My current break will be at least two weeks. But it will possibly be forever. That is because the cost and risk of these centralized systems is becoming higher than the convenience that these services provide. I suspect that many of you may find yourselves in the same position.
Of course, a break does not necessarily mean withdrawal from all social media. In fairness, these platforms do provide value. But the social media schisms have to end. I can’t tolerate the politics of some of my friends. But they remain my friends (and my family) despite policy differences that we may have. But I want to have a way of engaging in vigorous debate with some folks while maintaining collegiality and a pacific mindset while dealing with others.
So I’m moving on to a decentralized model. I’ve started a Slack community for my family. My adult kids are having difficulty engaging in even one more platform.
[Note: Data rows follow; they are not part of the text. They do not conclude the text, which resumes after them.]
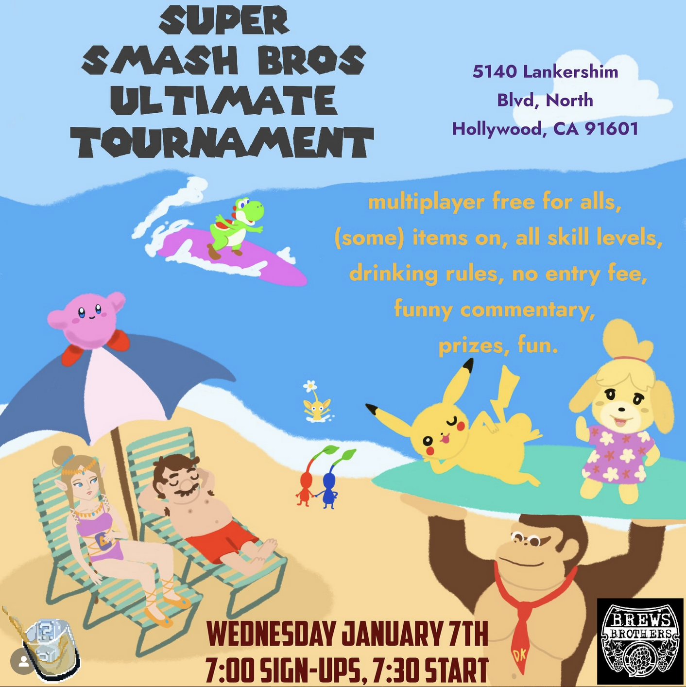 Jan 7, 2026 7:00 PM (PST) | Casual Super Smash Bros Ultimate tournament with comedy and drinks. | North Hollywood | Free | Brews Brothers 5140 Lankershim Ave | LA! Wednesday 1/7. Casual Super Smash Bros Ultimate Tourney 🎮 at Brews Brothers North Hollywood 🍻 (@brewsbrotherscraftbeer )!#Wednesday, January 7th), 7:30PM, #Free! 5140 Lankershim Ave. 🌴 Details below!Description: Every first Wednesday of the month, one part nerd, one part slurred, Super Trashed brings together comedy, Super Smash Bros Ultimate and alcohol at a super rad craft beer bar in North Hollywood. Join your hosts (and jokey commentators), Dan, Jesse B. and OJ, as every contestant virtually battles amongst themselves while physically battling distractions. Audience participation is essential as a live crowd chant, joke, and suggest new rules and new gags.This show is a casual “e-sports gone mild” tournament. Our competitors tend to skew towards beginners and moderate players but there’s no skill required to play. We aim to be a fun night for everyone, to keep the party in party game.Drinking rules apply! If you lose a stock, you’ll take a sip of your beverage. If you lose a stock on accident, take two sips. If you lose a stock via a Final Smash, take three sips. The winner will get $25 of their tab covered.Also, if you’re not good at video games, you can still win an #Amiibo (the Good Sports Amiibo) for the person who cheers the loudest, jeers the funniest, supports others, and has the best time.Tournament Format: A series of free for alls to determine a winners and losers brackets. Subsequent FFA and 1V1 rounds scheduled based on amount of players. Two loses in FFA or 1V1 to be eliminated. Items on (low), including everything except maxim tomato, heart container, fairy bottle, super star, hammer/golden hammer, gust bellows, special flag, boss galaga and lightning.7:00pm signup, 7:30 start. We’ll provide controllers but feel free to arrive early to pair your own.When: Wednesday January 7th, 2025. 7:00pm Sign-Ups, 7:30pm StartWhere: Brews Brothers, 5140 Lankershim Blvd, North Hollywood, CA 91601Cost: Free, no entry fee | Dec 31, 2025 5:57 AM |
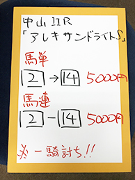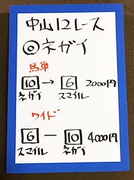ここからは、再び馬券対決です。中山メインの結果はこちら!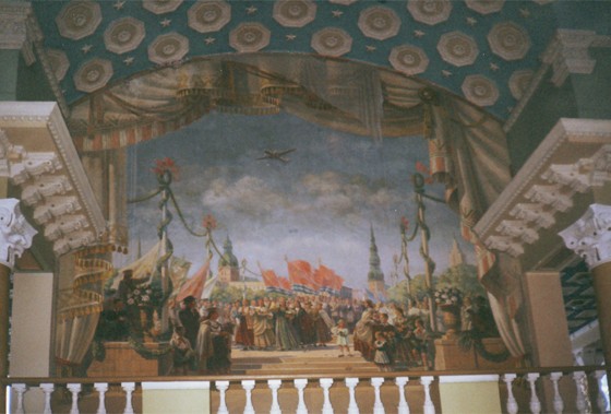 Зато мастера особенно постарались в интерьере: шутка ли, за пятьдесят лет не было ни одного капитального ремонта, но ещё почти всё выглядит так, будто здание построили если не вчера, то пару лет назад. Входящего встречает грандиозное панно в советском духе, которое должно было убеждать в большом желании латышей присоединиться к братским народам союзных республик — на ступеньках, ведущих к Даугаве, люди с радостными лицами в народных костюмах поют народные песни, сверху — аэропорт, всё-таки! — летит самолёт, на заднем плане видна панорама Старой Риги, но больше привлекает правый угол. Там изображённый Дом Колхозников, он же Академия Наук, был достроен только к 1957 году, когда картину народу показали уже с открытием аэропорта в 1954‑ом! Не говоря уж о башни церкви святого Петра, восстановленной только к 1970 году… Изображения по бокам зовут туриста в Юрмалу и Сигулду.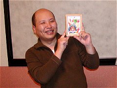 | やつねっと代表・清水氏から表彰されました。「やつねっとオブイヤー」我らがKANちゃん! | ||

But I’m hopeful that they will start to engage. And I’ve just set up a Mastodon account (@cyclingroo@mastodon.cloud) as a Twitter “alternative”. And I’m becoming even more active in Discord (for things like the Home Assistant community).
All of these tools are challengers to Facebook/Twitter. And their interaction model is decentralized. So they are innately more secure (and less of a targeted threat). The biggest trouble with these systems is establishing and maintaining an inter-linked directory.
A Case for Public Meta-directories
In a strange way, I am back to where I was twenty years ago. In the late nineties, my employer had many email systems and many directories. So we built a directory of directories. Our first efforts were email-based hub-and-spoke directories based upon X.500. And then we moved to Zoomit’s Via product (which was later acquired by Microsoft). [Note: After purchase, Microsoft starved the product until no one wanted its outdated technologies.] These tools served one key purpose: they provided a means of linking all directories together
Today, this is all done through import tools that any user can employ to build personalized contact lists. But as more people move to more and different platforms, the need for a distributed meta–directory has been revealed. We really do need a public white pages model for all users on any platform.
Bottom Line
The value of a directory of directories (i.e., a meta-directory) still exists. And when we move from centralized to decentralized social media systems, the imperative of such directory services becomes even more apparent. At this time, early adopters should already be using tools like Slack, Discord, and even Mastodon. But until interoperability technologies (like meta-directories) become more ubiquitous, either you will have to deal with the hassle of building your own directory or you will have to accept the insecurity inherent in a centralized system.